Now here is something which ties in nicely with the previous article on paranoia. Truth be told this fits in nicely with perspective and mental health, if one wishes to see it that way; I certainly do.

The King in Yellow:

Who and what is this King in Yellow—this stranger in the tattered robes? Is he death personified or is he the essence of insanity? What is he that he himself, and even his sign, should be feared?

After all—and truth be told—the King in Yellow is only from a book.

Enter into this world that Robert W. Chambers has created, a world where a cursed book holds the secrets of life, truths to terrible to behold. This is a book which has been banned. All who read it experience insanity. Some more to than others. Those who cross paths with the King in Yellow are touched in so many ways, ways good and bad. In this book are their stories.

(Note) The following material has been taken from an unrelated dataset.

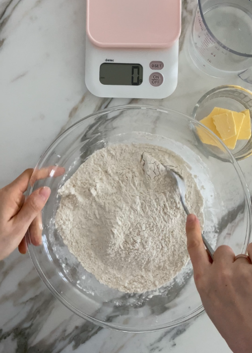 강력분, 박력분, 소금, 설탕, 탈지분유를 모두 한데 부어 포크로 가볍게 섞어주세요.

The Repairer of Reputations:

I pray God will curse the writer, as the writer has cursed the world with this beautiful, stupendous creation, terrible in its simplicity, irresistible in its truth—a world which now trembles before the King in Yellow. When the French Government seized the translated copies which had just arrived in Paris, London, of course, became eager to read it. It is well known how the book spread like an infectious disease, from city to city, from continent to continent, barred out here, confiscated there, denounced by Press and pulpit, censured even by the most advanced literary anarchists. No definite principals had been violated in those wicked pages, no doctrine promulgated, no convictions outraged. It could not be judged by any known standard, yet, although it was acknowledged that the supreme note of art had been struck in The King in Yellow, all felt that human nature could not bear the strain, nor thrive on words in which the essence of purest poison lurked. The very banality and innocence of the first act only allowed the blow to fall afterward with more awful effect.

-The King in Yellow, by Robert W. Chambers

Hastur, sane or insane, knew what he saw then . . .

. . . Which leaves us to wonder if we’re not all living a fantasy, one which ill-fated Hastur has become disenchanted with. It begs the question: are we the fiddlers on the roof, or is he the feral cat out of the bag?